• **DATA PROVIDED**:
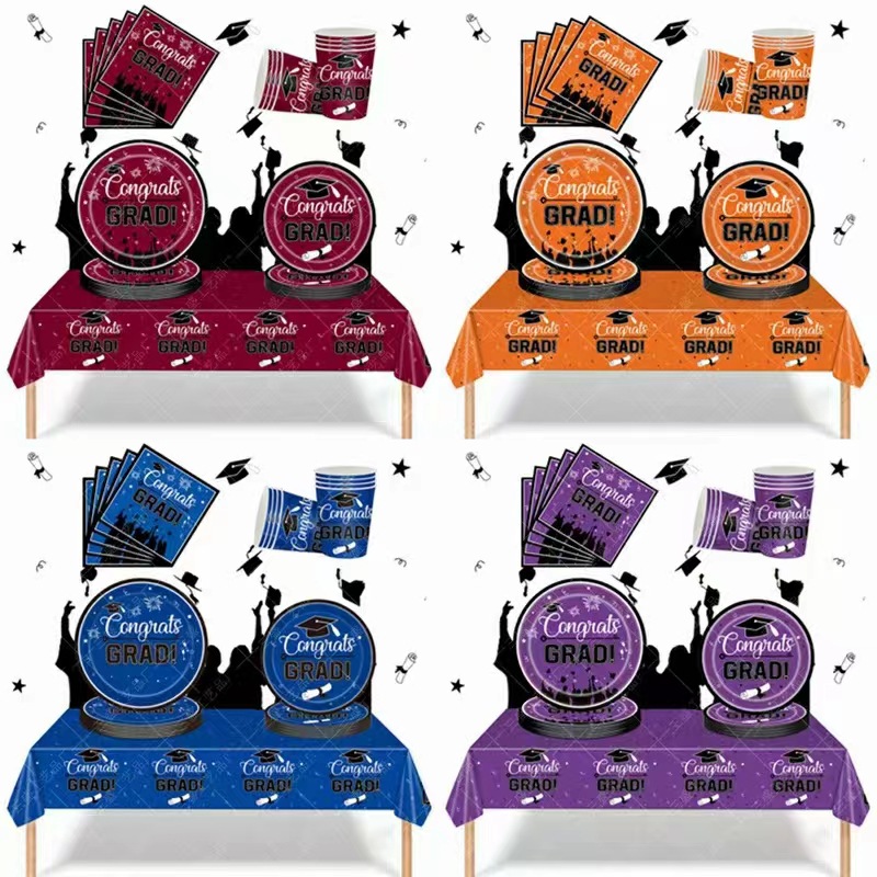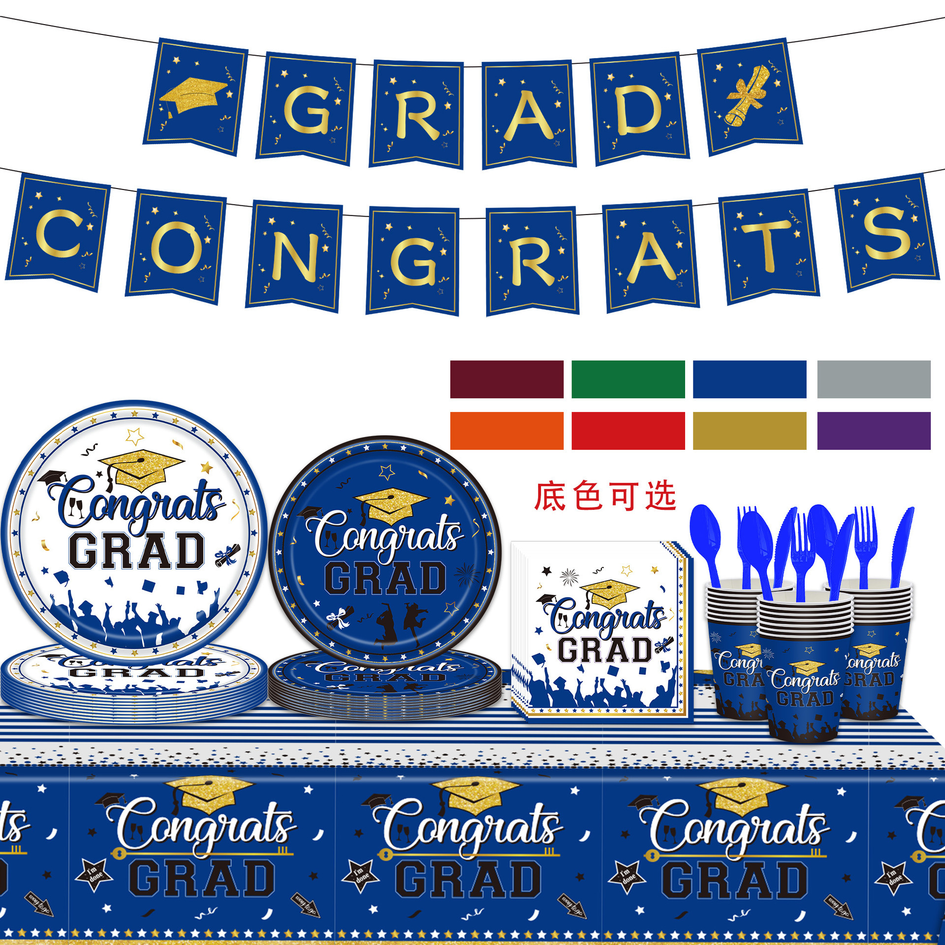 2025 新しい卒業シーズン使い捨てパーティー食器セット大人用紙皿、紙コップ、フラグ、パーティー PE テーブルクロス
...
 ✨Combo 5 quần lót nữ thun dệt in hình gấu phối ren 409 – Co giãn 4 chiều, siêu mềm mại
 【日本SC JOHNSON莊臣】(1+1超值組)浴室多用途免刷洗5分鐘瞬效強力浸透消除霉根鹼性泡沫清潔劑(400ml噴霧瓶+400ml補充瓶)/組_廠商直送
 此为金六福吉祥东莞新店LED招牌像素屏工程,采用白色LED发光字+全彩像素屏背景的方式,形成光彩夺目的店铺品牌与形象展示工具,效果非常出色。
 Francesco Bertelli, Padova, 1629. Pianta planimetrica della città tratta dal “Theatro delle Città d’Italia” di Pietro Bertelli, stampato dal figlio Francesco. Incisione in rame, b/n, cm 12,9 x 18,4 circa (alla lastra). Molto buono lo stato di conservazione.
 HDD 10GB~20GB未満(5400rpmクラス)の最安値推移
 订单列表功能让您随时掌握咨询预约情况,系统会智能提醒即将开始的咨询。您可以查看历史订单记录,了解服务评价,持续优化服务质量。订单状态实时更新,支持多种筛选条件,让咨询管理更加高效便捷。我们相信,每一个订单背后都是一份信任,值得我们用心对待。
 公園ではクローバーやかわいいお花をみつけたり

• **WHAT NEEDS TO BE DONE**: For this exercise, repeat exactly the lines of the data above from the one with "订单列表功能让您随时掌握咨询" down to the one with "公園ではクローバーやかわいいお花をみつけたり", both end lines included.

• **RESPONSE TO THE TASK**:
 订单列表功能让您随时掌握咨询预约情况,系统会智能提醒即将开始的咨询。您可以查看历史订单记录,了解服务评价,持续优化服务质量。订单状态实时更新,支持多种筛选条件,让咨询管理更加高效便捷。我们相信,每一个订单背后都是一份信任,值得我们用心对待。
 公園ではクローバーやかわいいお花をみつけたり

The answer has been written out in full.